Klagenfurt - Ein 13-Jähriger terrorisiert seit Monaten die Klagenfurter Innenstadt. Die Behörden stehen dem Treiben machtlos gegenüber, da er noch strafunmündig ist.

Zuletzt wurde der jugendliche in die neuropsychiatrische Abteilung des LKHs eingewiesen. Der 13-Jährige riss jedoch aus und attackierte darauf mit Freunden einen Pensionisten auf dem Parkplatz eines Einkaufszentrums. Einer der vier zielte mit einer Waffe auf den Mann.

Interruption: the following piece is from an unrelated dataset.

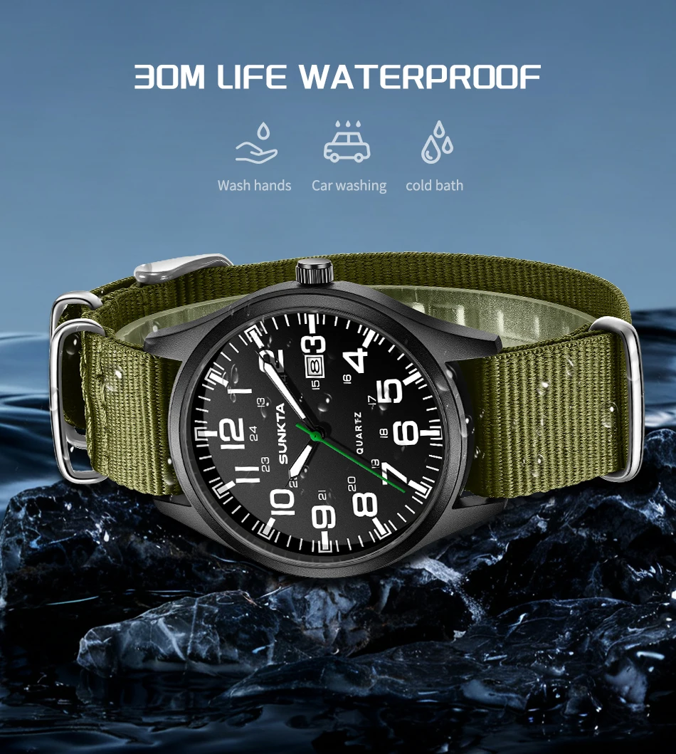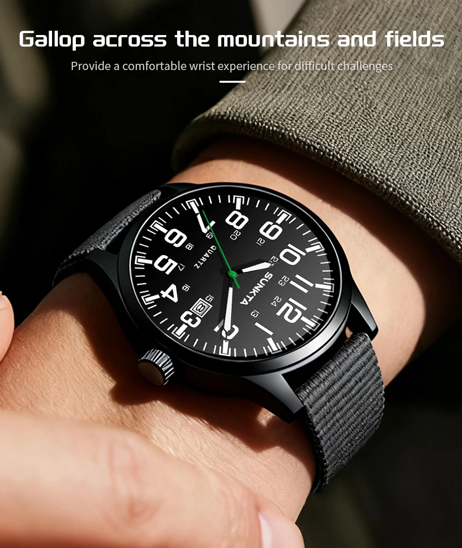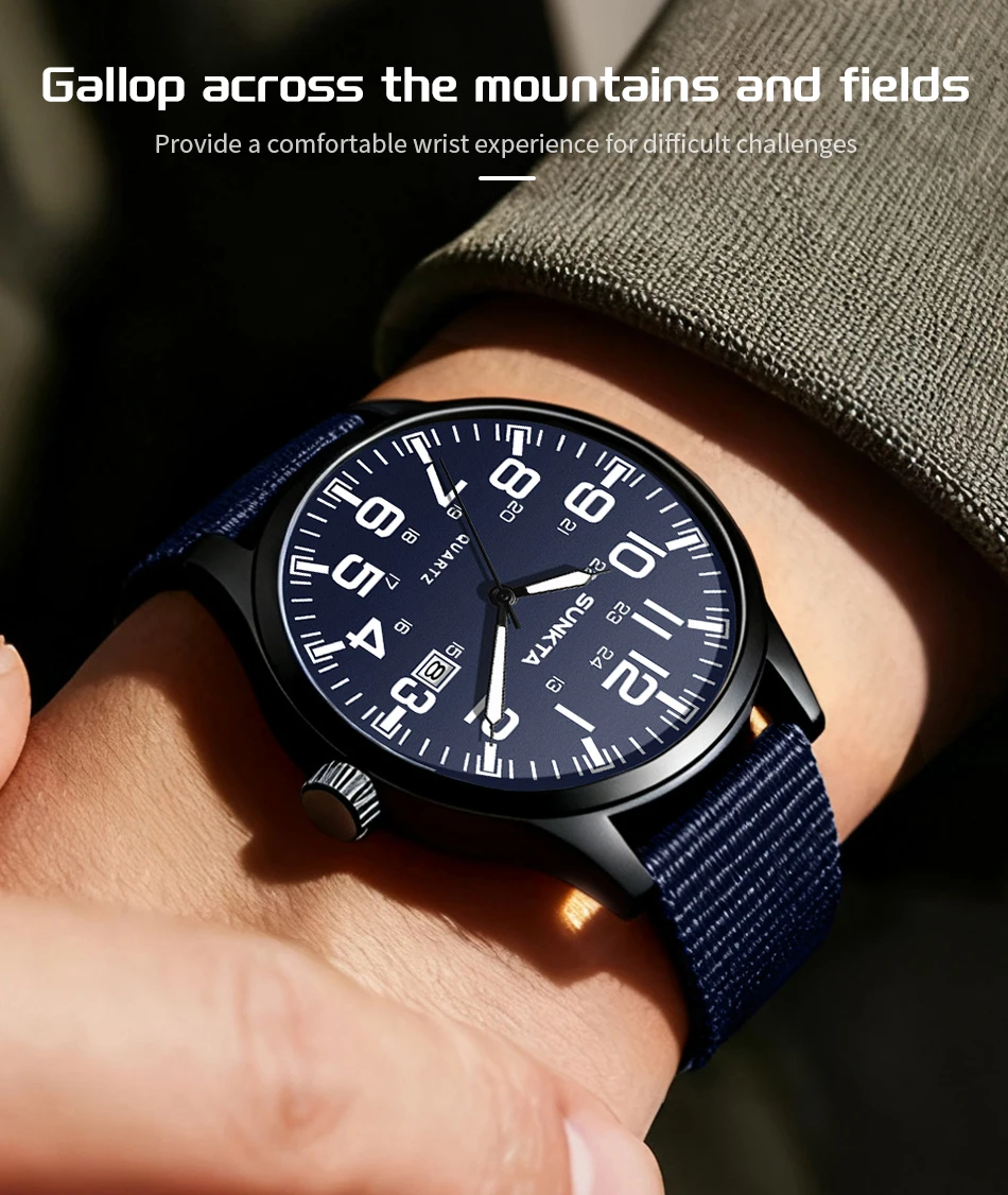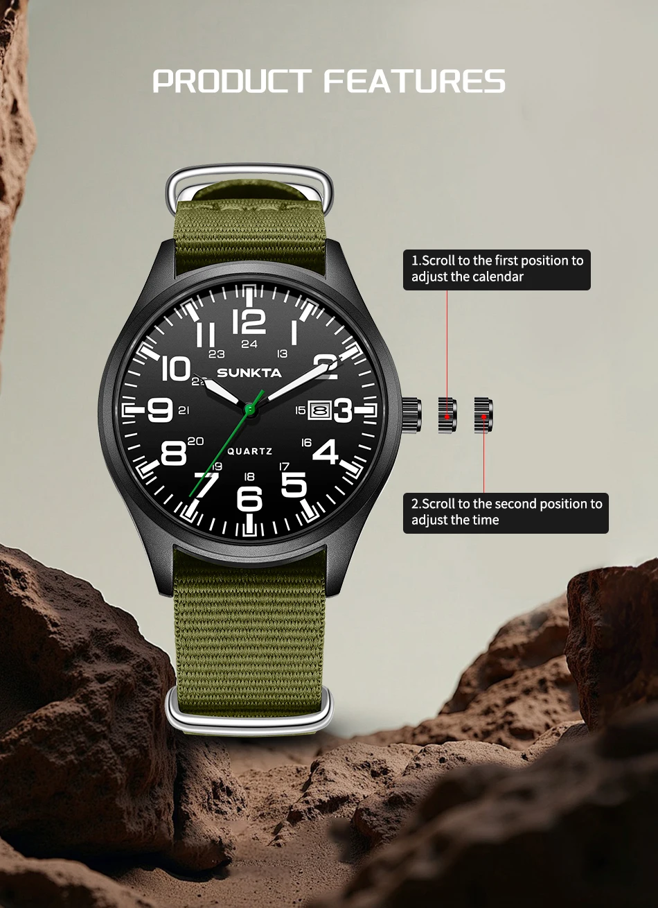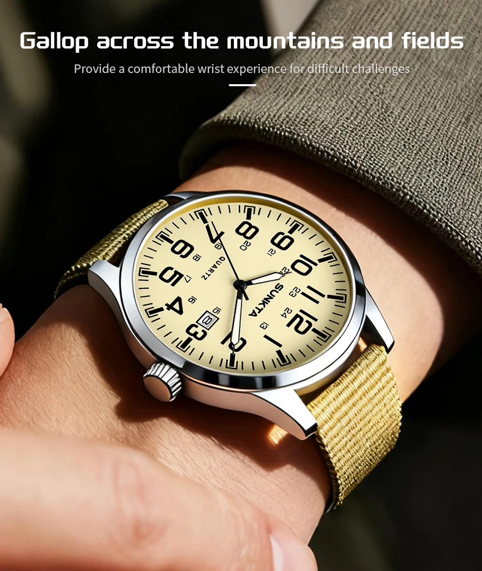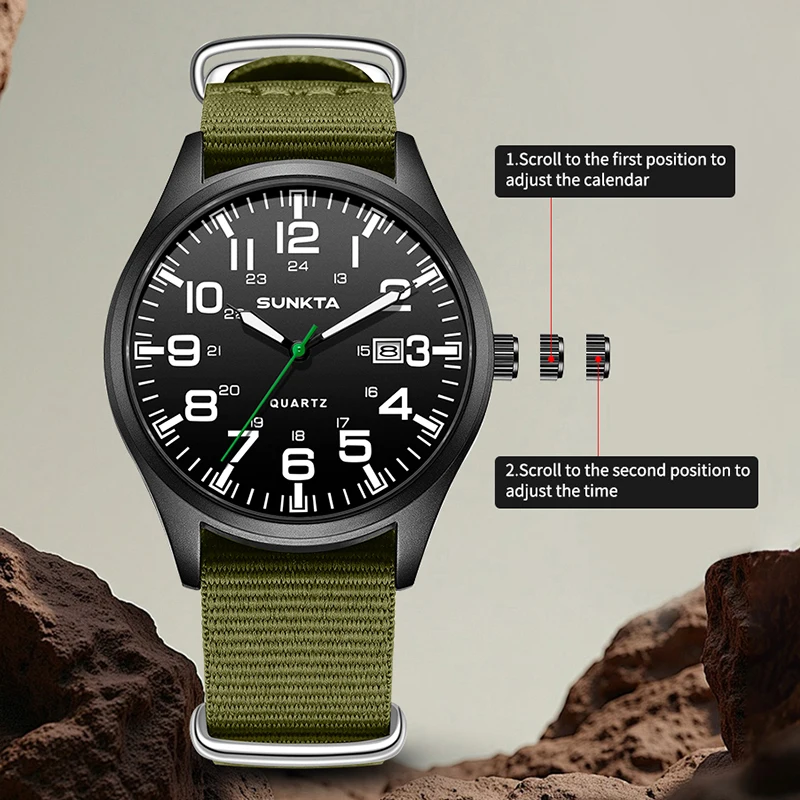 Sunkta Outdoor Sports Quartz Man Watch Retro Casual Fashion Nylon Strap Waterproof Luminous Auto Date

Unterdessen trat der 13-Jährige auf das Auto ein, und beschädigte es schwer.

Immer wieder ist der Jugendliche in Schlägereien verwickelt, verübt Sachbeschädigungen und bedroht Passanten. "Wenn wir ihn aufgreifen, erklärt er, dass er sei strafunmündig sei und wir ihm nichts tun können", erklärte ein Polizist. Vor einigen Wochen wurde der Junge nach einem neuerlichen Gewaltexzess in einem Heim in Oberitalien untergebracht. Doch auch die spezialisierten Betreuer schafften es nicht, mit dem 13-Jährigen umzugehen und schickten ihn wieder zurück. Daraufhin wurde der 13-Jährige in die Neuropsychiatrie eingewiesen. Nach Angaben des medizinischen Direktors des LKH, Thomas Koperna, sei der Patient nicht gefährlich. "Wir konnten ihn deshalb auch nicht festhalten."

Die SP-Politikerin Gaby Schaunig erklärte auf Anfrage der APA, es gebe derzeit keine gesetzliche Handhabe, unter 14-Jährige für längere Zeit festzusetzen. "Für solche besonderen Fälle muss eine Lösung gefunden werden", forderte sie. Allerdings müsse man dabei mit großer Sensibilität vorgehen, um nicht über das Ziel hinauszuschießen. (APA)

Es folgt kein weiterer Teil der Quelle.